EXERCISE DETAILS:
Word for word, reproduce the records, keeping none of the pictures.

╭──

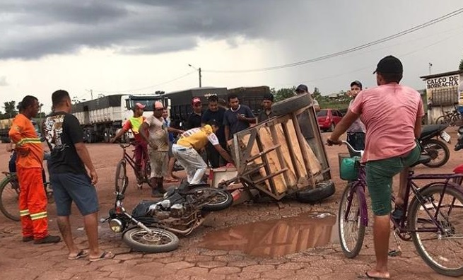 Felizmente o condutor da moto não sofreu ferimentos, embora ele estive com uma carrocinha atrelada a motocicleta.
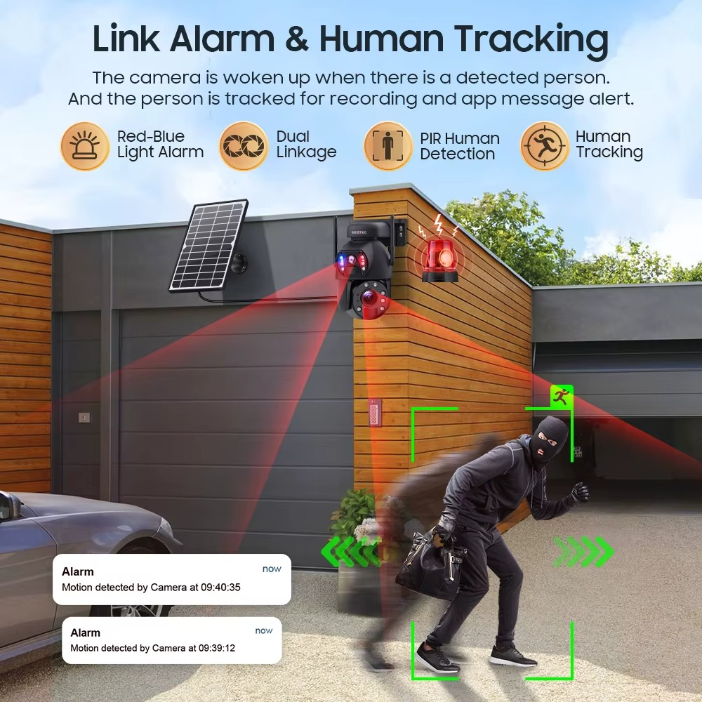 Cameră Supraveghere Wi-Fi Solar PTZ 6MP | Zoom 20X | Dual-Lens | Detecție Umană PIR | IP66
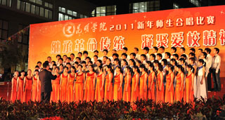 在新年将至、辞旧迎新之际,为丰富校园文化生活,凝聚全院力量,传承革命传统,凝聚爱校精神,展现师生风采,充分肯定成绩,不断推进我院各项工作,由我院团委、工会联合主办的“2011年新年师生合唱比赛及颁奖晚会”于12月30日,31日晚在聂耳广场如期举行。
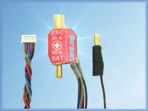 Strom Sensor UniLog 80 A mit 3,5 mm Goldk. (für Akkus mit Minus = Stecker)
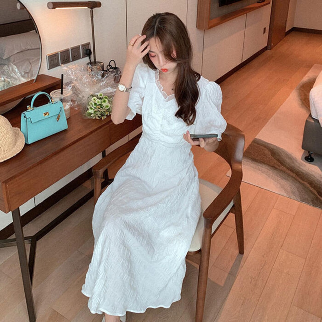 やわらかな風合いのリンクル生地を使ったワンピース。
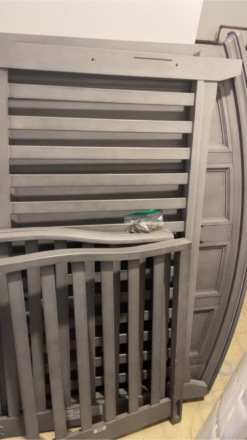 This is a DaVinci Charlie 4-in-1 Convertible Crib in grey. It's a solid wood crib, perfect for a nursery. Includes hardware for assembly. I have no space for it. And I no longer need it.

╰──

THE ANSWER:
 Felizmente o condutor da moto não sofreu ferimentos, embora ele estive com uma carrocinha atrelada a motocicleta.
 Cameră Supraveghere Wi-Fi Solar PTZ 6MP | Zoom 20X | Dual-Lens | Detecție Umană PIR | IP66
 在新年将至、辞旧迎新之际,为丰富校园文化生活,凝聚全院力量,传承革命传统,凝聚爱校精神,展现师生风采,充分肯定成绩,不断推进我院各项工作,由我院团委、工会联合主办的“2011年新年师生合唱比赛及颁奖晚会”于12月30日,31日晚在聂耳广场如期举行。
 Strom Sensor UniLog 80 A mit 3,5 mm Goldk. (für Akkus mit Minus = Stecker)
 やわらかな風合いのリンクル生地を使ったワンピース。
 This is a DaVinci Charlie 4-in-1 Convertible Crib in grey. It's a solid wood crib, perfect for a nursery. Includes hardware for assembly. I have no space for it. And I no longer need it.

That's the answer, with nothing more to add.